Wave Particles et cetera

This software project is an adaptation of Wave particles, a method introduced by Cem Yuksel in 2007. To show that the algorithm accounts for reflections at shorelines, the animation features a narrow river/canal. However, as you can see, my immitation does not achieve the same degree of realism and graphical sophistication:

Additionally, I experimented and incorporated the following techniques into the project:

Similar to the 3D animation I made earlier, the user can control all the entities: Helicopter, hornet, catamaran, tugboat, and turrets.

Boat in canyon (as in video), source code (C++) * wavepart_1st.zip 3.5 MB
Multivehicle animation, modelling, source code (C++) * wavepart.zip 4.6 MB
* Credits: threads using pthreads library incorporated together with James Cosford, 3d models adapted from 3D Warehouse, textures from cgtextures, sounds from findsounds.

Faith is believin' what you know ain't so.
Samuel Langhorne Clemens

Catamaran

Cut mesh, friction forces, edge network

My implementation of Wave particles deviates from the suggestions by Cem Yuksel in several aspects:

• A particle subdivision results in 2 new particles (instead of 3).

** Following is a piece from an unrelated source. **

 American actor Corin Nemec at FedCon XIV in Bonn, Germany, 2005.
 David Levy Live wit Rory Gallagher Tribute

• For every partially submerged object, I compute the cut of the surface mesh along the plane that approximates the wave height underneath the object. The cut is a mesh that contains the submerged surface of the floating object including an edge network along the boundary at water surface level. The buoyancy is determined by the volume of the cut mesh, and applied as a force at the center of gravity of the cut mesh. The surface of the cut mesh determines the friction, as the object glides through the water. We simply iterate over the triangles and quads of the cut mesh. The curve network of the cut mesh determines where new wave particles are emitted. (Cem Yuksel original suggestion was to project the 3D semi-submerged object onto a 2D grid and then iteratively determine the boundary of the object, in order to prevent particle generation underneath the object.)

Shortcomings of my implementation: no outsourcing to GPU, no shading to render the water surface, no wicked timetable to sort the subdivision and reflection events.


View from turret

The grass and bushes are rendered as sprites. During the initialization of the game, the locations of these sprites are distributed using blue noise in 2D, which guarantees a minimum distance between neighboring sprites.

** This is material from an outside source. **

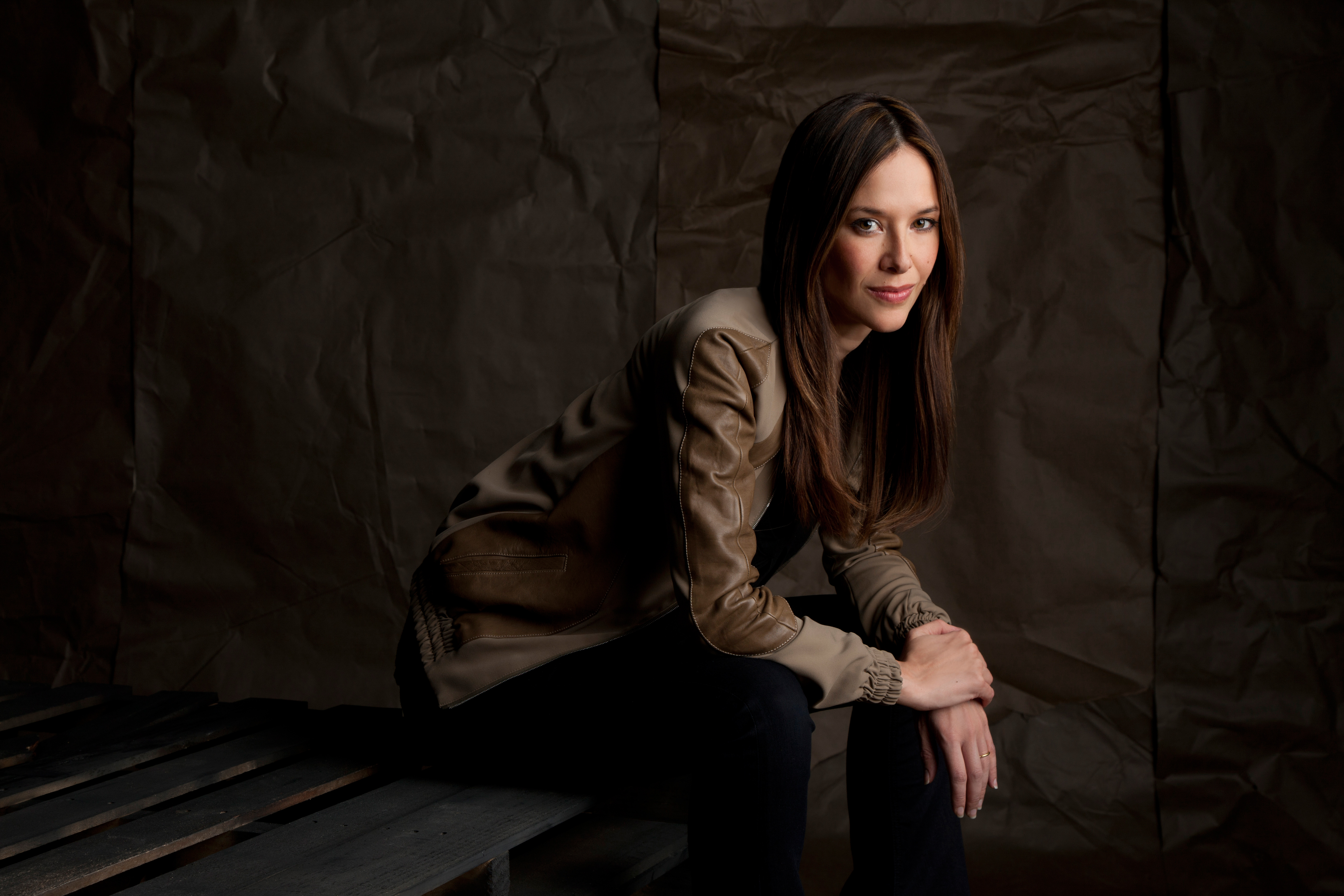 Ubisoft Toronto Managing Director Jade Raymond(Feb 2012)

During gameplay, the top vertices of the sprites are subject to a displacement sampled from Perlin noise. Since the noise function is smooth, the vegetation appears to move in the wind. The semi-transparent sprites are rendered in the descending order of their depth in the camera perspective. Beyong a certain depth threshold, vegetation are faded out or not drawn at all.

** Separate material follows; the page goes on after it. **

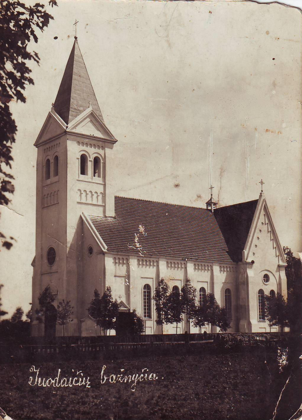 Juodaičių bažnyčia prieš karą

Perlin noise is used at two more places in the game: the shape and color or the fireballs and the fluctuation of the helicopter. The implementation of Stefan Gustavson or Perlin and Simplex Noise is used.


Hornet from Halo

In order to display the scene on a 3D monitor, the scene is rendered twice, i.e. from the perspective of each eye. The pseodo code shows how simple it is:

...
glutInitDisplayMode(GLUT_DOUBLE|GLUT_DEPTH|GLUT_RGBA|
                    GLUT_STENCIL|GLUT_STEREO);
...
while (1) {  
  // BEGIN: animation/physics, user control, ...
  ...
  // END: animation/physics, user control, ...
  
  tensor cam=opengl_camera;
  double alp=0.0325;
  double ofs=0.22;
  for (int c0=0;c0<2;++c0) {
    glDrawBuffer(GL_BACK_LEFT+c0);
    tensor<double> eye=tensor<double>::matrix(4,4).as(
                 cos(alp), 0.0, (c0?1:-1)*sin(alp), 0.0,      
                      0.0, 1.0,                0.0, 0.0,      
       (c0?-1:1)*sin(alp), 0.0,           cos(alp), 0.0,      
                      ofs, 0.0,                0.0, 1.0);
    opengl_camera=eye*cam;
    
    // BEGIN: drawing
    ...
    // END: drawing
  }  
  glutSwapBuffers();
} 

If I do not issue commands, the people will behave themselves
if I do not preach but remain silent, the people will find serenity
if I do not meddle, the people will prosper by themselves
if I do not impose my desires, the people will return to simplicity.